Task requirements —
Set down, word for word, the line with "- Забезпечити виявлення, припинення" and the lines after it through the final line of the data below, without pictures.
___ Materials provided ___
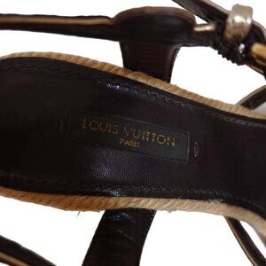 LOUIS VUITTON - Dark Brown Gold Beige Women's Sandals Leather 172-081625
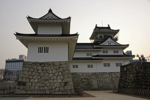 | 富山城 天文12年(1543年)頃に神保氏によって築城されたといわれる富山城、神通川の流れを利用して水に浮いたように見えることから「浮城」とも呼ばれていました。天正10年(1582年)3月神保氏に代わって佐々氏が城を治めるものの本能寺の変後の天正13年(1583年)に豊臣秀吉の軍勢に攻め込まれて壊されましたが、徳川時代に入ってから加賀前田藩の分家として修復され富山藩10万石の居城となりました。 明治に入ってからは廃藩置県により廃城となるところを県庁舎として利用されたため破却を免れるものの昭和5年(1930年)の火災で焼失しました。現在の模擬天守は昭和29年(1954年)に産業博覧会にあわせて建築され、現在は富山城址公園内の市の郷土博物館として利用されています。 |
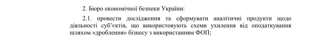 - Забезпечити виявлення, припинення та розслідування справ щодо ділення бізнесу на ФОП.
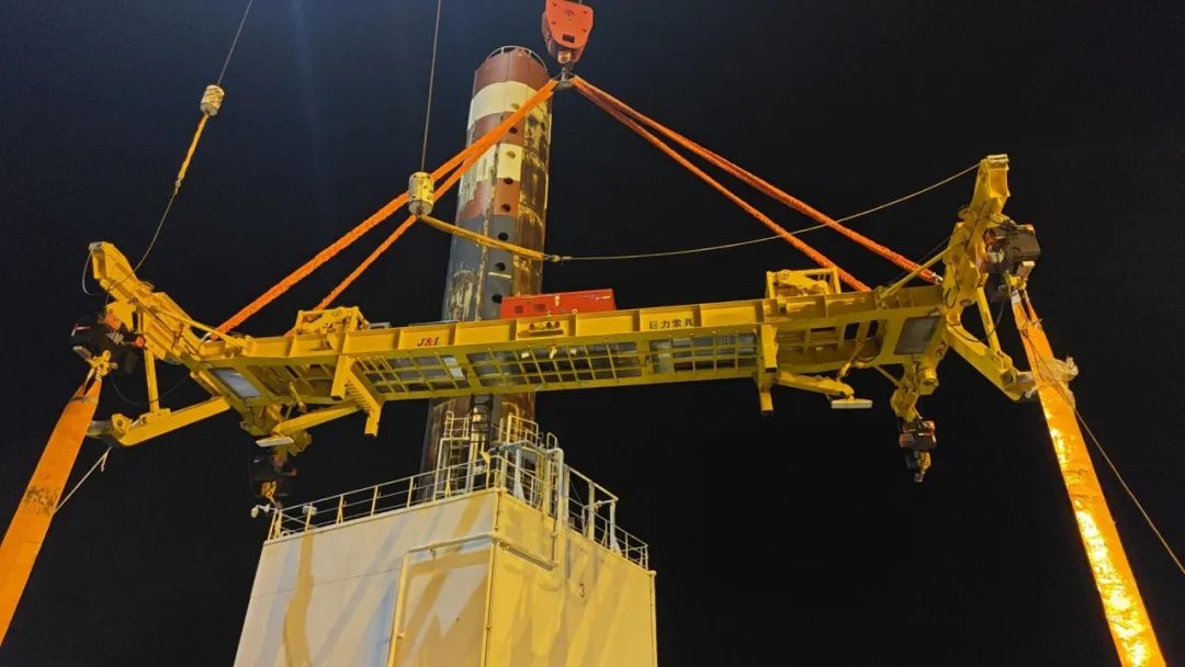 巨力索具為本次全程吊裝保駕護航,提供的50噸折疊式海上單葉片吊具實現(xiàn)單個風(fēng)電葉片在空中與輪轂的對接安裝。
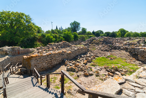 Troy ancient city ruins view. Visit Turkiye concept background
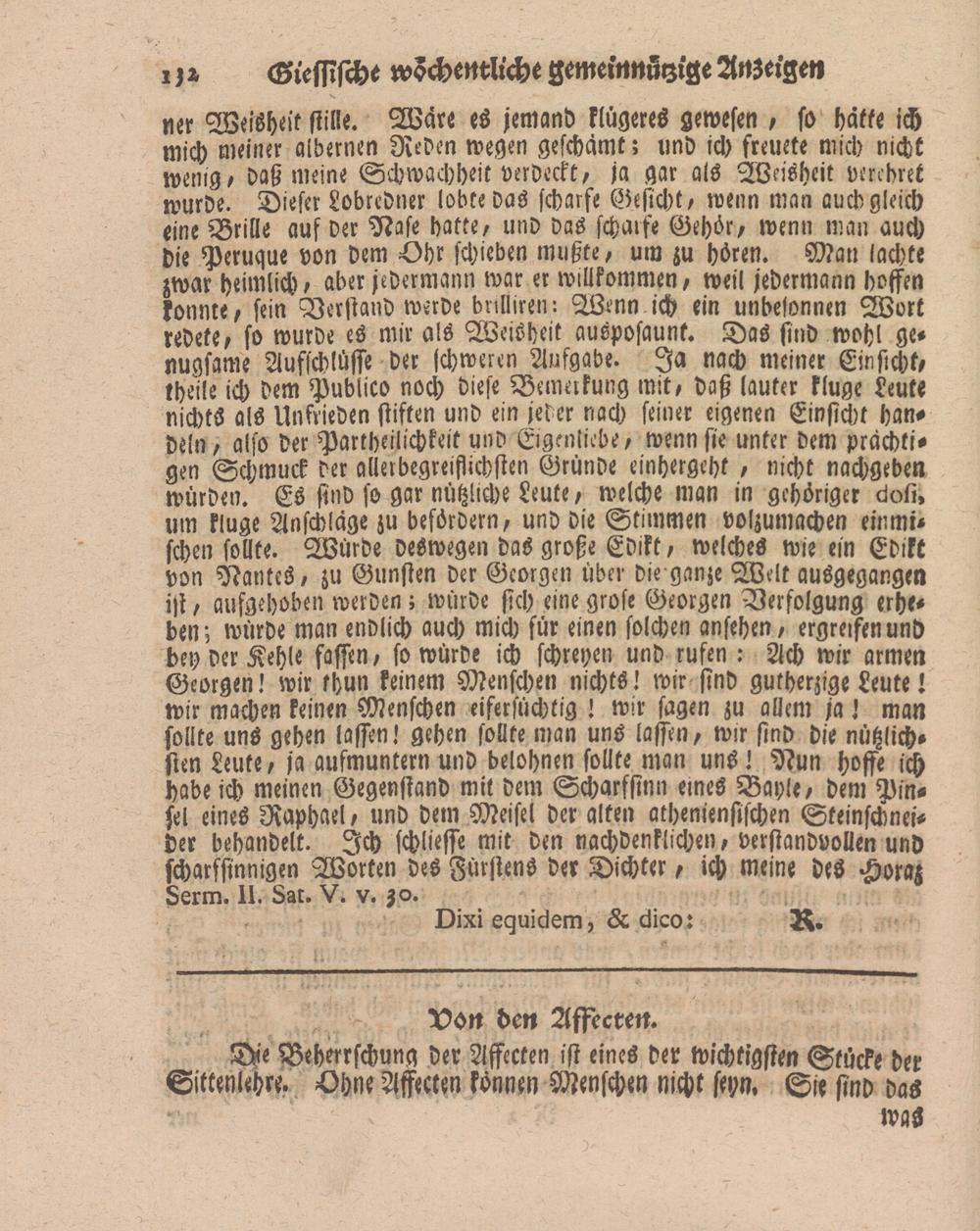 Georgen! wir thun keinem Menschen nichts! wir sind gutherzige Leute! wir machen keinen Menschen eifersüchtig ! wir sagen zu allem ja ’ man sollte uns gehen lassen! gehen sollte man uns lassen, wir sind die nützlichsten Leute, ja aufmuntern und belohnen sollte man uns! Nun hoffe ich habe ich meinen Gegenstand mit dem Scharfsinn eines Bayle, dem Pinsel eines Raphael, und dem Meise! der alten atheniensifchen Steinschneider behandelt. Ich schliesse mit den nachdenklichen, verstandvollen und scharfsinnigen Worten des Fürstens der Dichter, ich meine des Horaz Serm. 11. Sat. V. v. zc>.
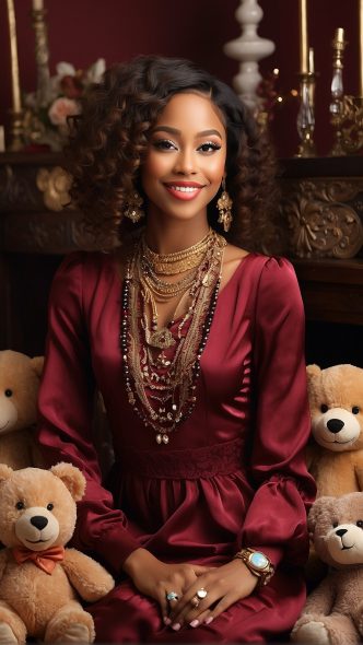 Beautiful African-American princess surrounded by teddybears Portrait 6
___
Solved exercise —
 - Забезпечити виявлення, припинення та розслідування справ щодо ділення бізнесу на ФОП.
 巨力索具為本次全程吊裝保駕護航,提供的50噸折疊式海上單葉片吊具實現(xiàn)單個風(fēng)電葉片在空中與輪轂的對接安裝。
 Troy ancient city ruins view. Visit Turkiye concept background
 Georgen! wir thun keinem Menschen nichts! wir sind gutherzige Leute! wir machen keinen Menschen eifersüchtig ! wir sagen zu allem ja ’ man sollte uns gehen lassen! gehen sollte man uns lassen, wir sind die nützlichsten Leute, ja aufmuntern und belohnen sollte man uns! Nun hoffe ich habe ich meinen Gegenstand mit dem Scharfsinn eines Bayle, dem Pinsel eines Raphael, und dem Meise! der alten atheniensifchen Steinschneider behandelt. Ich schliesse mit den nachdenklichen, verstandvollen und scharfsinnigen Worten des Fürstens der Dichter, ich meine des Horaz Serm. 11. Sat. V. v. zc>.
 Beautiful African-American princess surrounded by teddybears Portrait 6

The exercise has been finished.